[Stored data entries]
_____
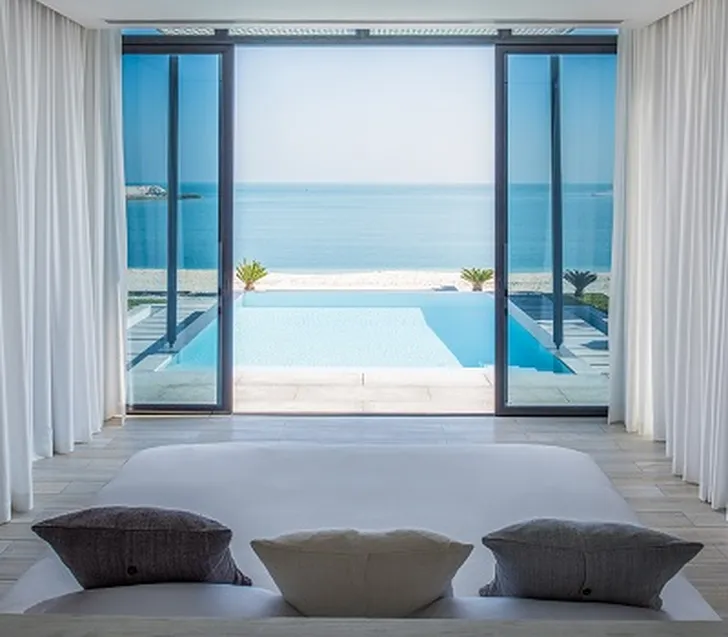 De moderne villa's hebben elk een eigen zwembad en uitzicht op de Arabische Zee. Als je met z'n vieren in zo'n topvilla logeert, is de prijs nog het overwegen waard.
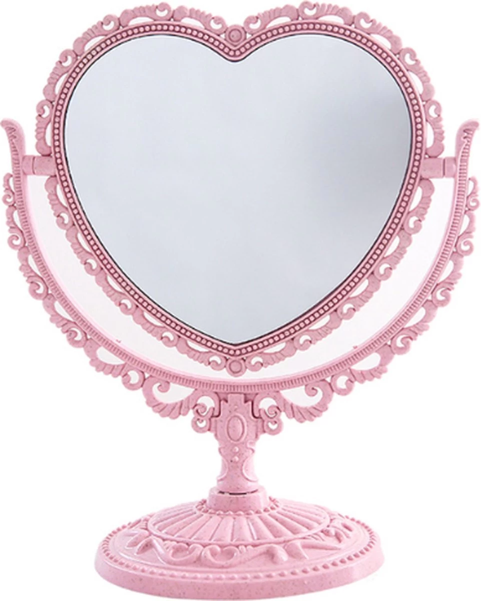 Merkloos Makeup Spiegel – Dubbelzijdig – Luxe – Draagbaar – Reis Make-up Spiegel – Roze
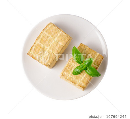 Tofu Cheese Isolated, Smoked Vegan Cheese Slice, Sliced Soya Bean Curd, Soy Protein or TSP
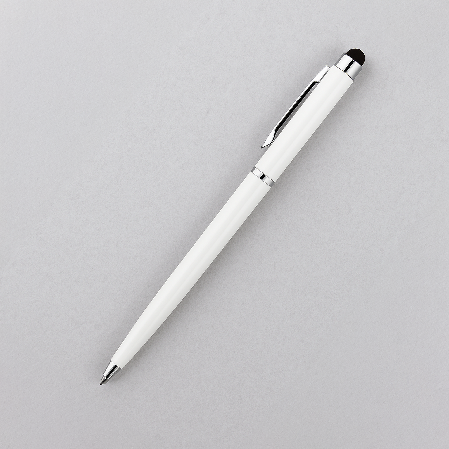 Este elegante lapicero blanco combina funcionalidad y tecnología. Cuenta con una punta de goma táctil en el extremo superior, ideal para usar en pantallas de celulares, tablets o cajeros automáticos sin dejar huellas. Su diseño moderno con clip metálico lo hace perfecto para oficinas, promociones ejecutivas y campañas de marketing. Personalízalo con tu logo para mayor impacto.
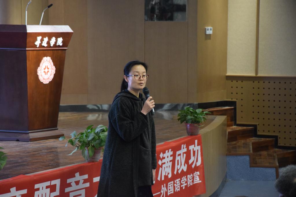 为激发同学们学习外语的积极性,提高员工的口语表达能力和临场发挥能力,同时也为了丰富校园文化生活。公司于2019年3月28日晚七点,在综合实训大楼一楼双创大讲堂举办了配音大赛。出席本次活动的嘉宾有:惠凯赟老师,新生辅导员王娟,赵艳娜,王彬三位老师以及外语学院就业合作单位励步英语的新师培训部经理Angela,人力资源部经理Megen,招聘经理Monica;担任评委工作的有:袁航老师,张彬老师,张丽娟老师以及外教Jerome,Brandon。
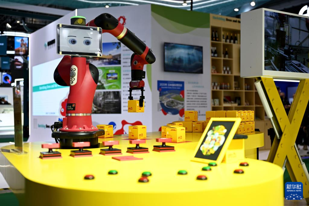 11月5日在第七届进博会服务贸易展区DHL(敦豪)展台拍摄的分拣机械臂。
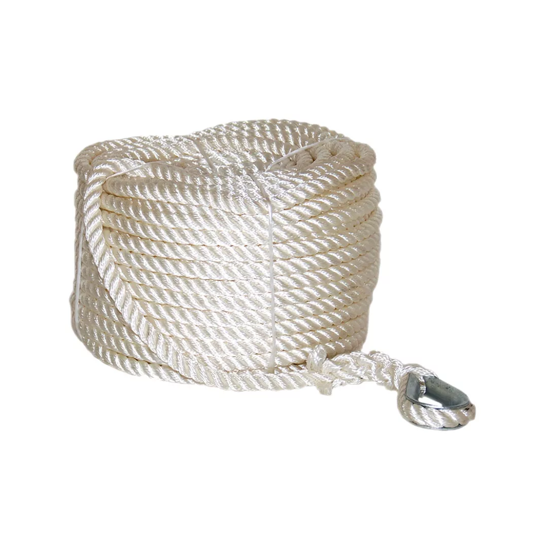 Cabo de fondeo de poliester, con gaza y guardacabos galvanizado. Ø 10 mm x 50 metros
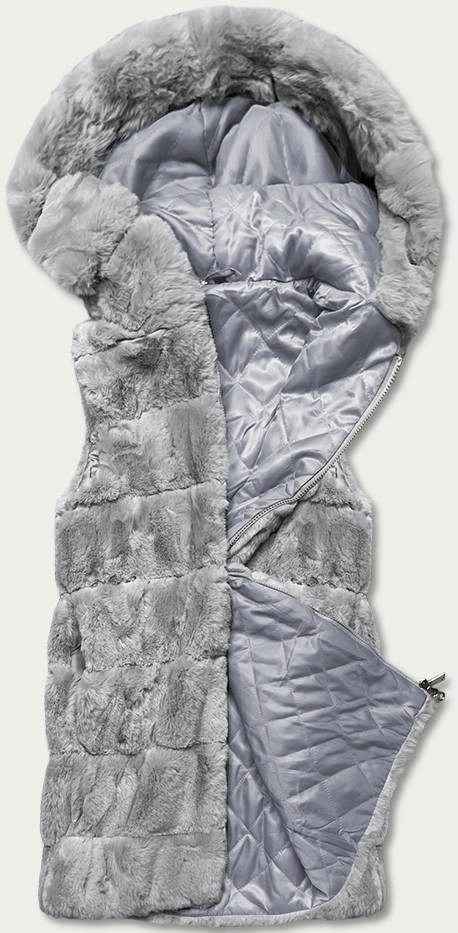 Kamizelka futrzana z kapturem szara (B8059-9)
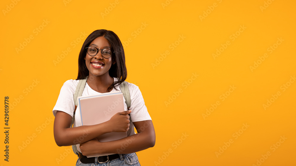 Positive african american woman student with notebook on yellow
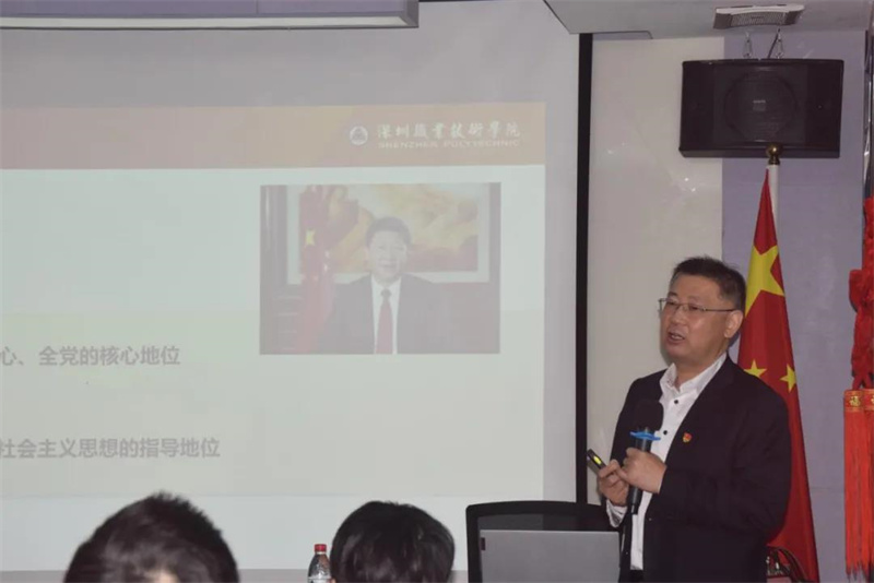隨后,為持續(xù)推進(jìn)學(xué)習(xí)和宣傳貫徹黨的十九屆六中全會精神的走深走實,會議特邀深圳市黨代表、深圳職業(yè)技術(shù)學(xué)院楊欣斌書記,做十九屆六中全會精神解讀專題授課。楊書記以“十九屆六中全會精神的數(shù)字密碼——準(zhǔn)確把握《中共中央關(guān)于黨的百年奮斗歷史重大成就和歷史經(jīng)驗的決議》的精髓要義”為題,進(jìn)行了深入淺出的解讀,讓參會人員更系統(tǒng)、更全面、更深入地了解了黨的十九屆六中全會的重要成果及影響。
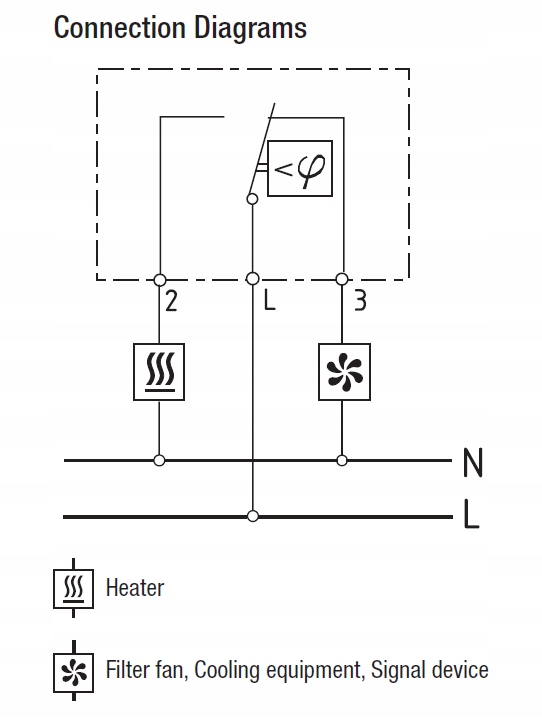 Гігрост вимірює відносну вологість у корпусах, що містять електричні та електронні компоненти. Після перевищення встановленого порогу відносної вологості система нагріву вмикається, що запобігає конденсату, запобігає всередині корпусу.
_____
PROBLEM: Word for word, repeat the lines above from the one with "Kamizelka futrzana z" through the one with "隨后,為持續(xù)推進(j", and nothing beyond them. Omit the pictures.

ANSWER TO THE PROBLEM:
 Kamizelka futrzana z kapturem szara (B8059-9)
 Positive african american woman student with notebook on yellow
隨后,為持續(xù)推進(jìn)學(xué)習(xí)和宣傳貫徹黨的十九屆六中全會精神的走深走實,會議特邀深圳市黨代表、深圳職業(yè)技術(shù)學(xué)院楊欣斌書記,做十九屆六中全會精神解讀專題授課。楊書記以“十九屆六中全會精神的數(shù)字密碼——準(zhǔn)確把握《中共中央關(guān)于黨的百年奮斗歷史重大成就和歷史經(jīng)驗的決議》的精髓要義”為題,進(jìn)行了深入淺出的解讀,讓參會人員更系統(tǒng)、更全面、更深入地了解了黨的十九屆六中全會的重要成果及影響。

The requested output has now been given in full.